[Records from a collection]
Segment Open

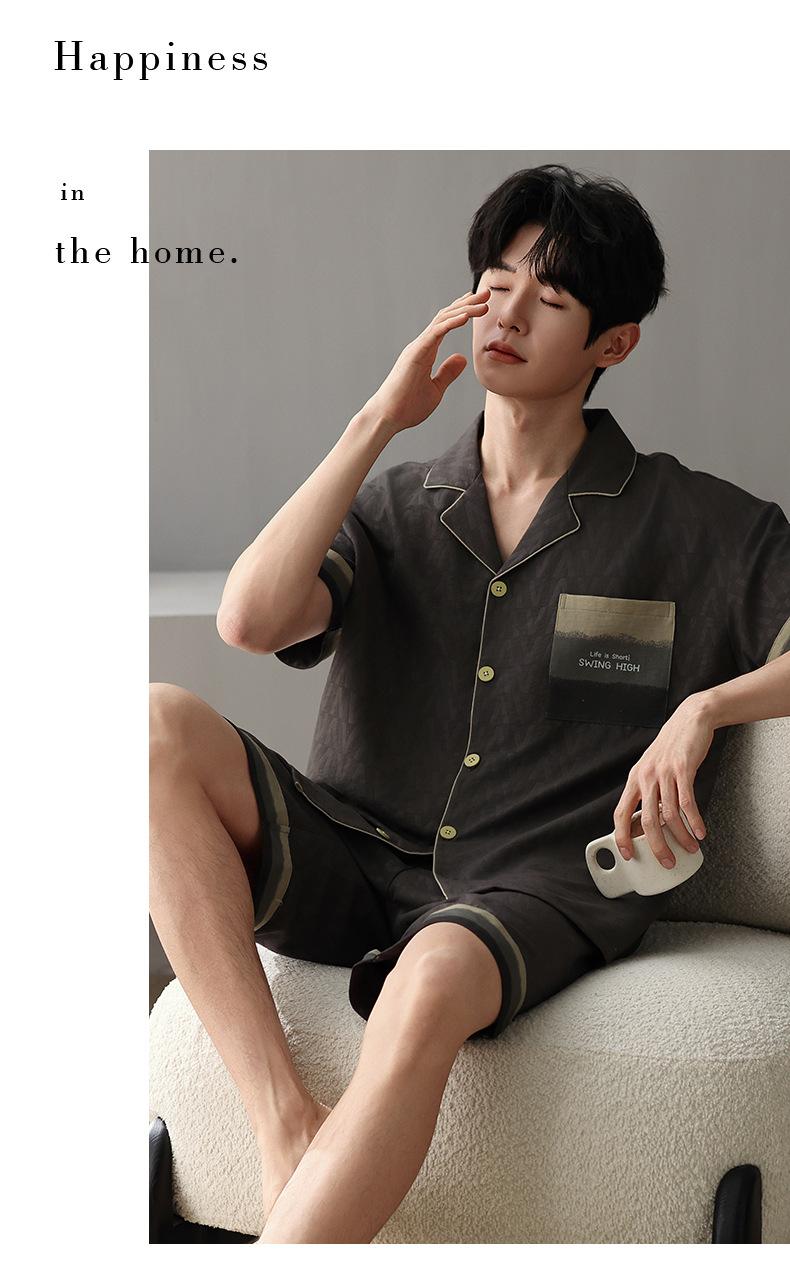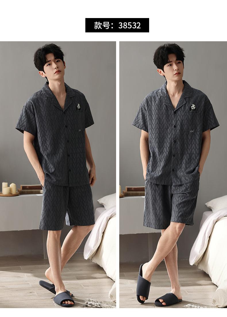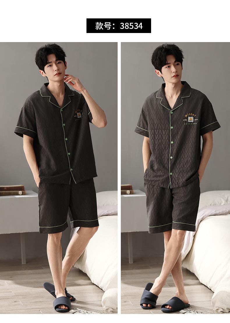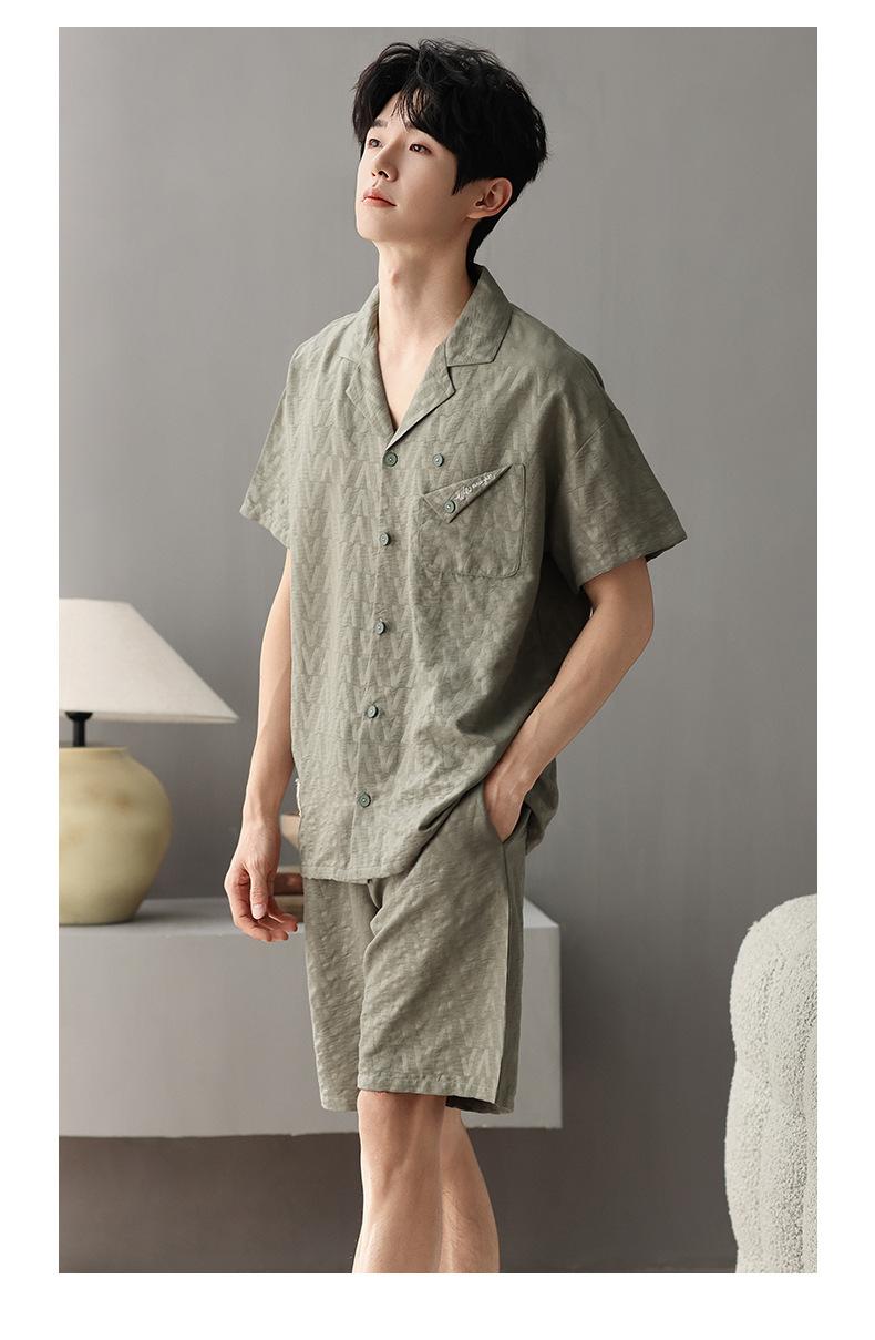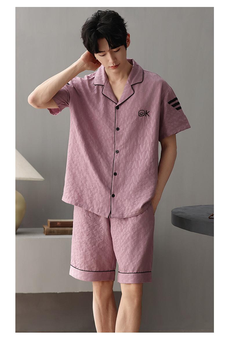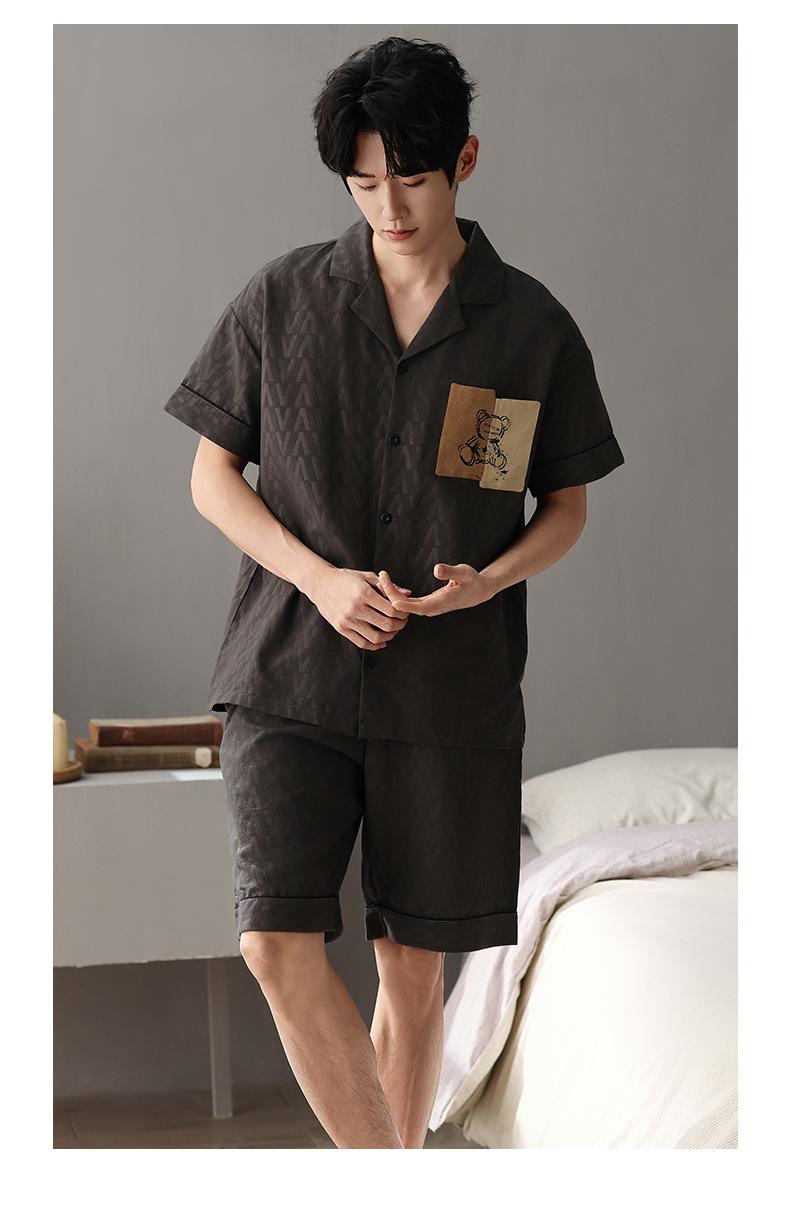 Pijama de Verano para Hombre, Shorts de Manga Corta, Algodón Nube Fino, Se Puede Usar Afuera, Talla Grande Ropa para el Hogar Juvenil, Traje de Verano
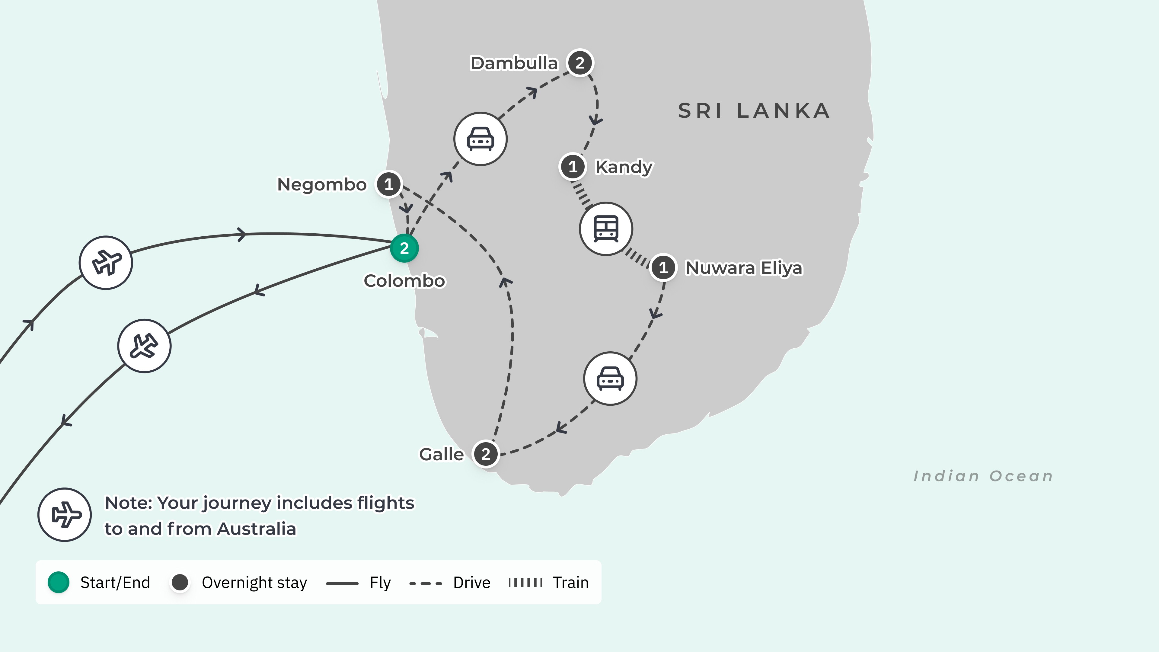 Bid farewell to your fellow travellers as your once-in-a-lifetime culinary journey through Sri Lanka comes to a close. After checkout, you’ll be transferred to Bandaranaike International Airport (CMB) for your onwards journey.
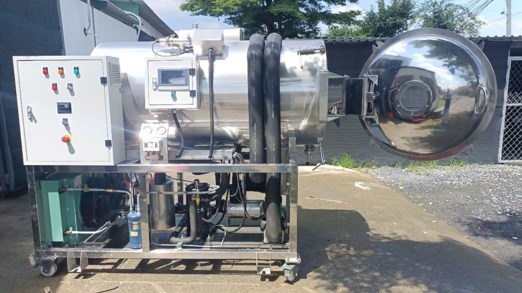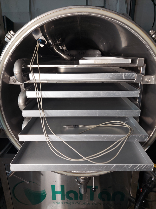 • Stage 1: Freezing the product to be dried. At this stage, only the compressor is operating. In production, Hai Tan recommends that customers pre-freeze the product outside (note that it should be slow-frozen here). This saves 4-8 hours of drying.
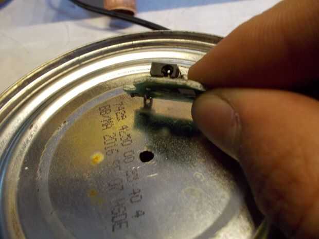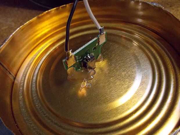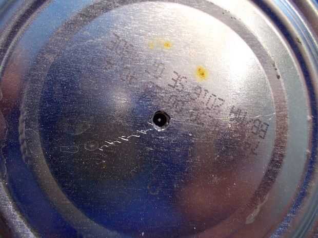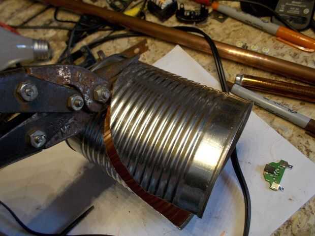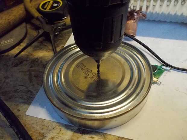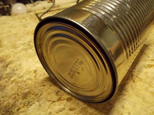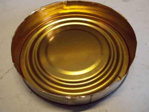 Para hacer la parte trasera, tomar la lata más pequeña y corte en la última costilla.
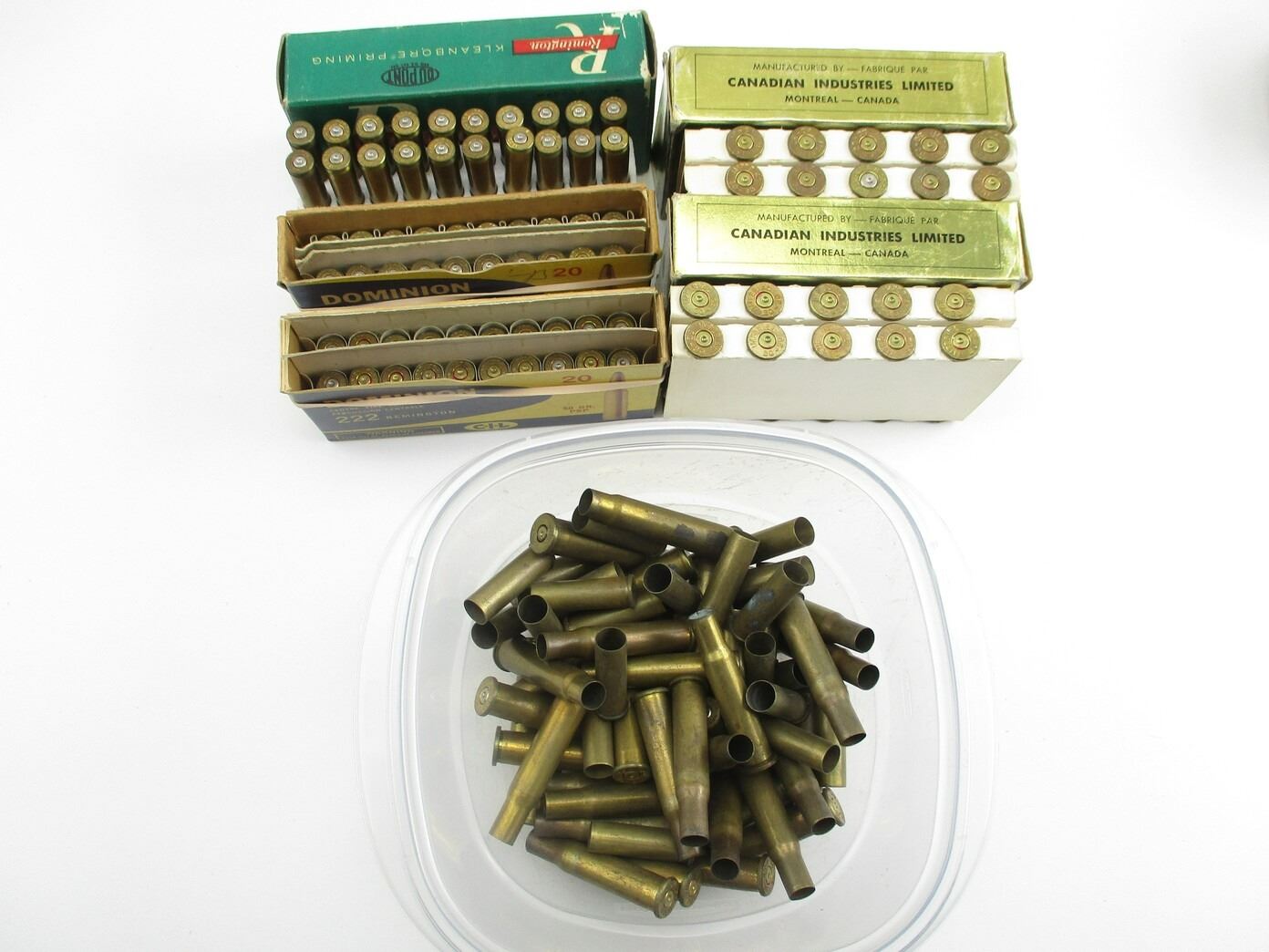 NON-PRIMED ASSORTED CASES LOT, 167 BRASS CASES TOTAL, VARIOUS CALIBERS INCLUDING: .222 REM, .357 MAG, .30-30 WIN, .303 BRITISH, ETC.
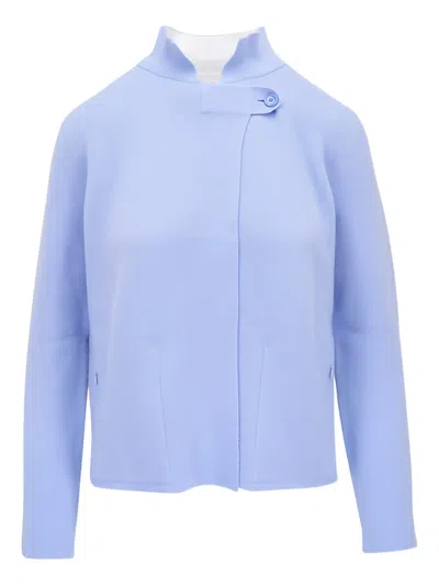 浅蓝色 单纽扣开合 拉链口袋
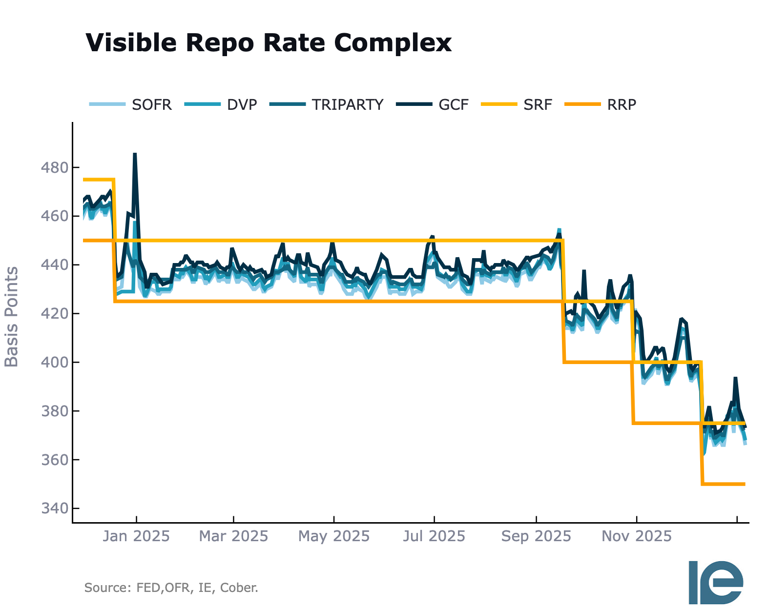 Except throughout 2025, repo rates traded above the standing repo facility constantly. On December 31st of 2024, we saw rates 38 basis points above the facility. Even during regular periods, rates stayed persistently elevated above what should be the upper bound. Quarter and month ends saw the most significant spikes, but the pattern appeared across the board.
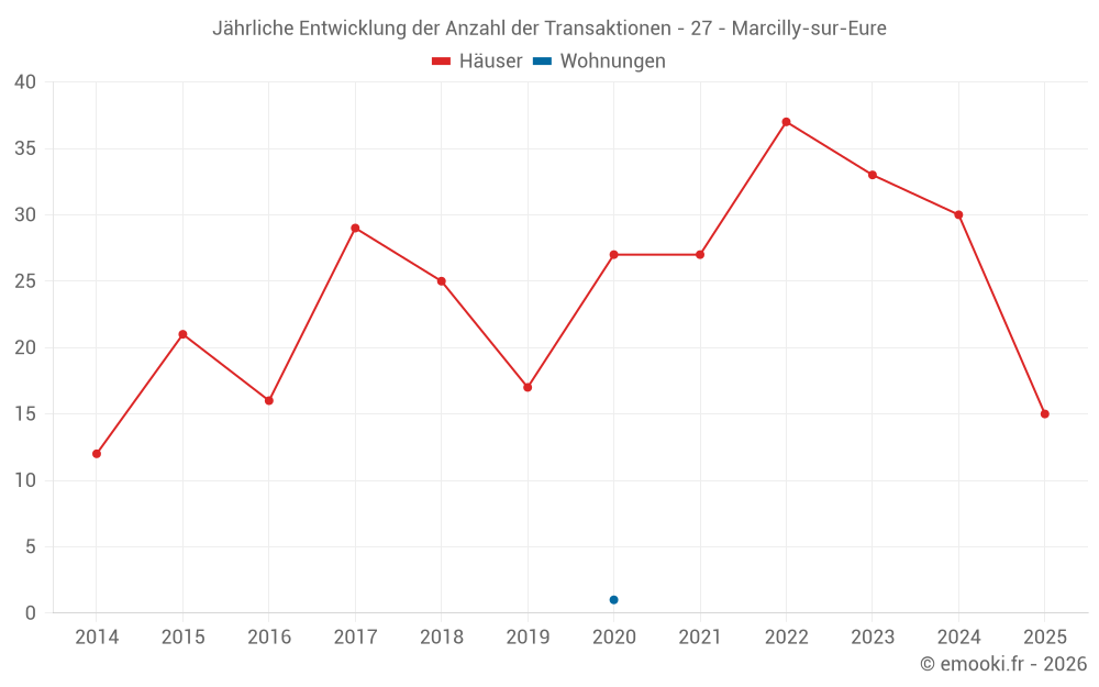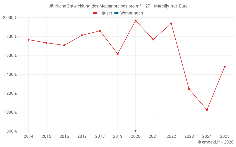 Der Durchschnittspreis auf den 30 Hausgeschäften der letzten 12 Monate in der Gemeinde Marcilly-sur-Eure betrug 1 464 € pro Quadratmeter für einen mittleren Immobilienwert von 171 125 €. Über diesen Zeitraum hinweg lagen 60% der Transaktionen zwischen 669 und 1 882 € pro Quadratmeter (vom 2. bis zum 8. Dezil).

Segment Closed

(Exercise directions):
Please transcribe each entry exactly and exclude any image it contains.

(Response to the exercise):
 Pijama de Verano para Hombre, Shorts de Manga Corta, Algodón Nube Fino, Se Puede Usar Afuera, Talla Grande Ropa para el Hogar Juvenil, Traje de Verano
 Bid farewell to your fellow travellers as your once-in-a-lifetime culinary journey through Sri Lanka comes to a close. After checkout, you’ll be transferred to Bandaranaike International Airport (CMB) for your onwards journey.
 • Stage 1: Freezing the product to be dried. At this stage, only the compressor is operating. In production, Hai Tan recommends that customers pre-freeze the product outside (note that it should be slow-frozen here). This saves 4-8 hours of drying.
 Para hacer la parte trasera, tomar la lata más pequeña y corte en la última costilla.
 NON-PRIMED ASSORTED CASES LOT, 167 BRASS CASES TOTAL, VARIOUS CALIBERS INCLUDING: .222 REM, .357 MAG, .30-30 WIN, .303 BRITISH, ETC.
 浅蓝色 单纽扣开合 拉链口袋
 Except throughout 2025, repo rates traded above the standing repo facility constantly. On December 31st of 2024, we saw rates 38 basis points above the facility. Even during regular periods, rates stayed persistently elevated above what should be the upper bound. Quarter and month ends saw the most significant spikes, but the pattern appeared across the board.
 Der Durchschnittspreis auf den 30 Hausgeschäften der letzten 12 Monate in der Gemeinde Marcilly-sur-Eure betrug 1 464 € pro Quadratmeter für einen mittleren Immobilienwert von 171 125 €. Über diesen Zeitraum hinweg lagen 60% der Transaktionen zwischen 669 und 1 882 € pro Quadratmeter (vom 2. bis zum 8. Dezil).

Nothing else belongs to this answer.